毎年、年末年始はその年を振り返ったり、石井ゆかりさんの年報を読んで目標を立てたりと張り切っていたのだが、今年はいい意味でぬる〜っと始まった。まだ12/29みたいな気持ちだ。

2019年は2018年の続きでしかなく、わたしはこのままわたしでいられたらいいなと思う。キリのいい年始に目標を立てたり再認識したりするのも楽しいんだけどね。まだ、追いついていない。

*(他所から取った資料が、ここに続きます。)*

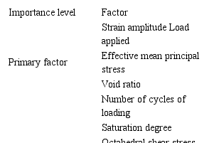 From this wide range of influencing factors, Seed & Lee (1970) selected and classified the most important in two groups of importance level, as shown in Table 1. In their work, they studied the effect of the load applied, strain amplitude and saturation degree in the stiffness of granular base.

そんな感じでゆるゆる実家で過ごしていた年始に、母の卒業論文を見つけた。文学部だった母が、昭和47年に、竹取物語について書いた論文だった。時間がなかったので冒頭と終わりの文章だけをそおっと読んだ。

わたしは母が自身について語ったところをほとんど見たことがないのだけど、そこには若かりし母が自身の人生についてまだ迷い、何かを見つけようとしている破片が見え隠れしていた。「自分の生き方を把握したい」と母は言った。

私の知らないことはあまりにも多すぎ、その中にもきっと自分の全神経を集中させえるものはあろう。しかししらないということはただそれらのものがいかなるものであっても私には無に等しいのである。凡人の私にはそれらのものをどれだけ知ることができるかかといってもごく一部の限られたものだけなのである。そして私の生命にも限りがある。
しかし、今こうして生きている以上、常に生の充実をはかるべきではないのだろうか。
安易な生の中に埋没することなく、「文学」を通して自分の生き方を見つめつつ自己をまず確立させたい。

母が何を考えていたのかはもう分からない。この文章の温度感もわからない。時間を吸い込んだ原稿用紙の上をすべる直筆の母のことばを見て、静かに胸が熱くなった。

母が文学を通して自分を知ろうとしていたように、あらゆるものと接するなかで、結局わたしが知りたいのは自分のことだけなのだ。そのことを長い年月をかけて、確認しているだけ。

わたしは今年も、わたし。どうぞ、よろしくお願いします。